### Material supplied
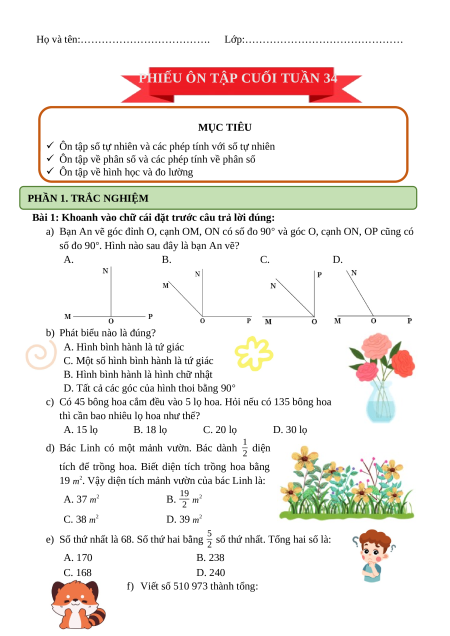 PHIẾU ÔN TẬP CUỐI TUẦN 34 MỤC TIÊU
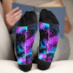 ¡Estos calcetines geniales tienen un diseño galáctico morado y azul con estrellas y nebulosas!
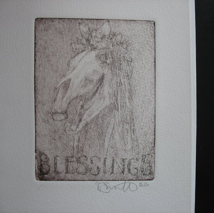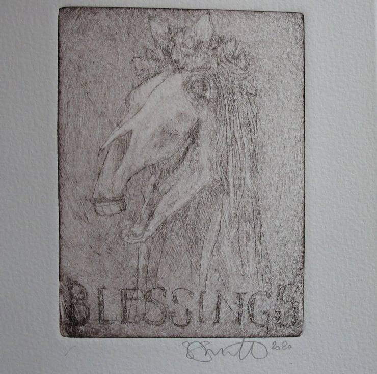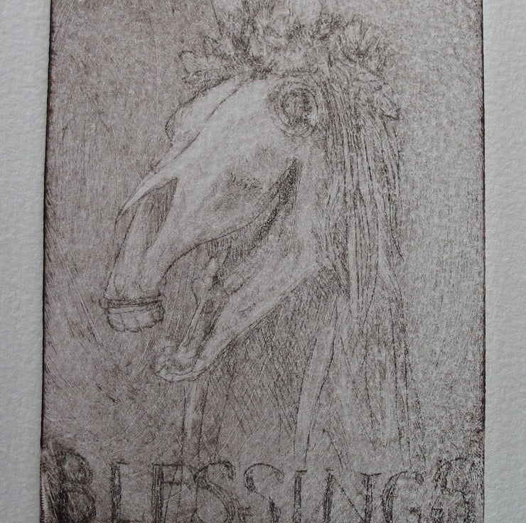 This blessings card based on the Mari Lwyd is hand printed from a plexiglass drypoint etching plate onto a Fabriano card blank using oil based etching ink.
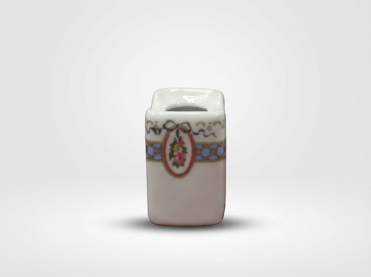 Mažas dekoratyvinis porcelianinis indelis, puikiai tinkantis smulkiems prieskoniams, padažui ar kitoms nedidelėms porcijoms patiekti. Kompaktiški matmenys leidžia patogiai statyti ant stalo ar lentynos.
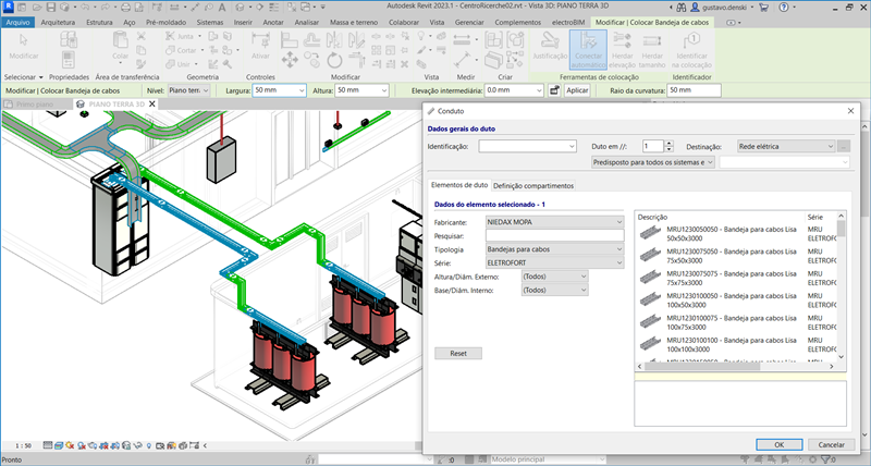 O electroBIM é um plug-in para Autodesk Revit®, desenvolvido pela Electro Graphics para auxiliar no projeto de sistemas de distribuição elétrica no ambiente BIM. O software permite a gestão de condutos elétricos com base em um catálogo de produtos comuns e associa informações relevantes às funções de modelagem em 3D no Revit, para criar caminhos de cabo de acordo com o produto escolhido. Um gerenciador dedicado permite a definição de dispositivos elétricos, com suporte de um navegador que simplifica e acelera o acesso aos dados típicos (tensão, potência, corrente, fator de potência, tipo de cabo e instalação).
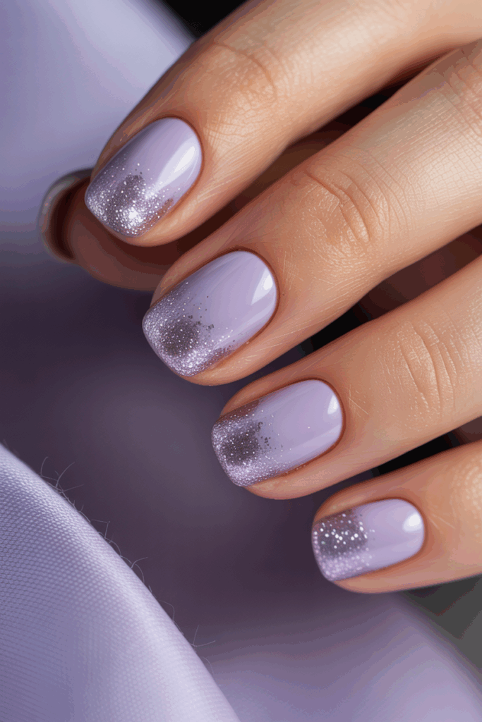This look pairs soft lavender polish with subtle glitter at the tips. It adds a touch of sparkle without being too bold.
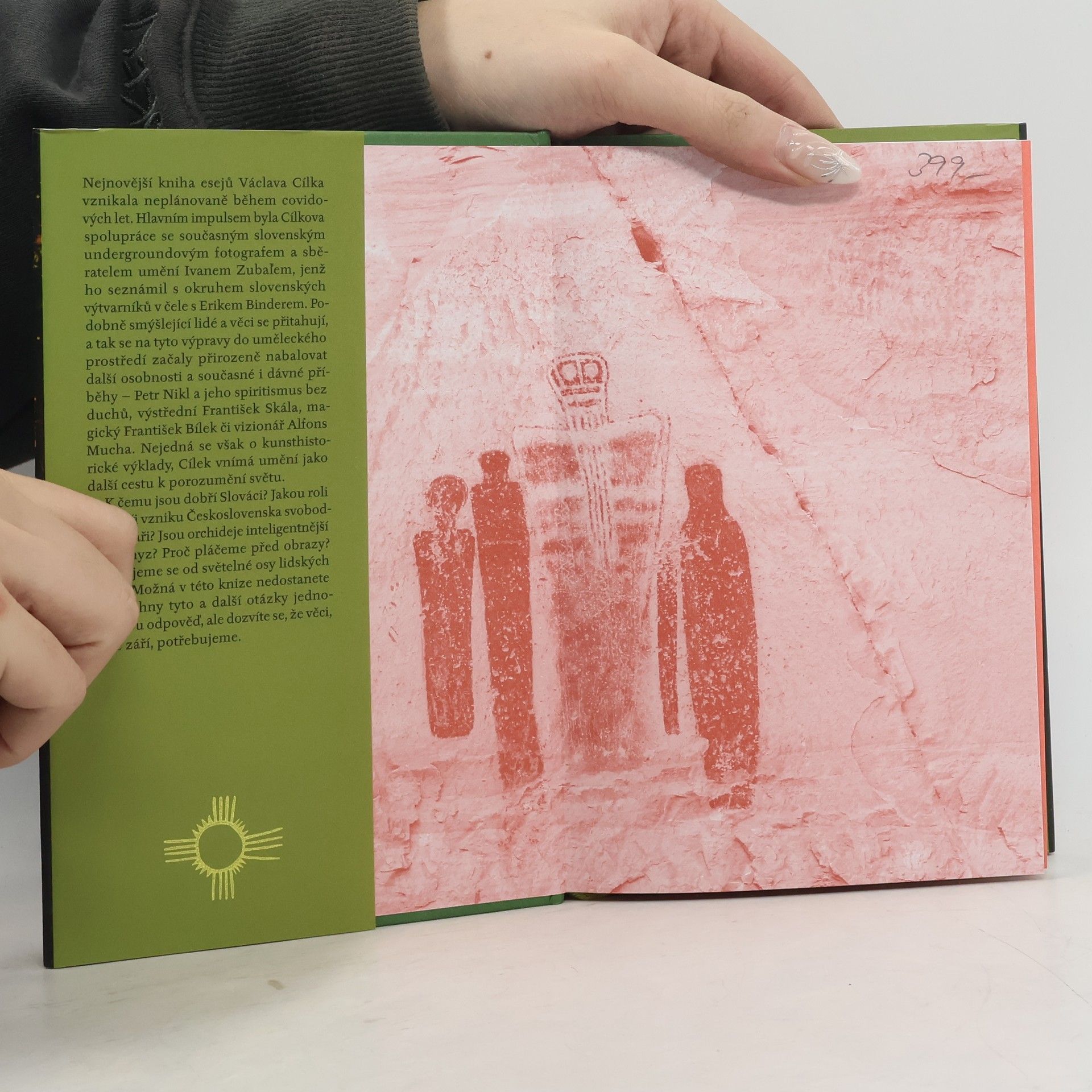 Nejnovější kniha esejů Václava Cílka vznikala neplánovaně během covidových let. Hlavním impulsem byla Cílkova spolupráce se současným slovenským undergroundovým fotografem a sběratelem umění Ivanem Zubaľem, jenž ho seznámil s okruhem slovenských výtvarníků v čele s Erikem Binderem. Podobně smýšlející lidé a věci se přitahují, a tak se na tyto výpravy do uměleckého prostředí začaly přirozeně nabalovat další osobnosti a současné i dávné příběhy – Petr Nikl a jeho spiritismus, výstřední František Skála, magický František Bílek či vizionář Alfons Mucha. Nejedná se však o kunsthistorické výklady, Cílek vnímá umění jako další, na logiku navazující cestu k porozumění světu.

### What is needed
Starting at the top of the listing above, please restate word for word each line up to and including the one that holds "Mažas dekoratyvinis porcelianinis", omitting every image.

### Response below
 PHIẾU ÔN TẬP CUỐI TUẦN 34 MỤC TIÊU
 ¡Estos calcetines geniales tienen un diseño galáctico morado y azul con estrellas y nebulosas!
 This blessings card based on the Mari Lwyd is hand printed from a plexiglass drypoint etching plate onto a Fabriano card blank using oil based etching ink.
 Mažas dekoratyvinis porcelianinis indelis, puikiai tinkantis smulkiems prieskoniams, padažui ar kitoms nedidelėms porcijoms patiekti. Kompaktiški matmenys leidžia patogiai statyti ant stalo ar lentynos.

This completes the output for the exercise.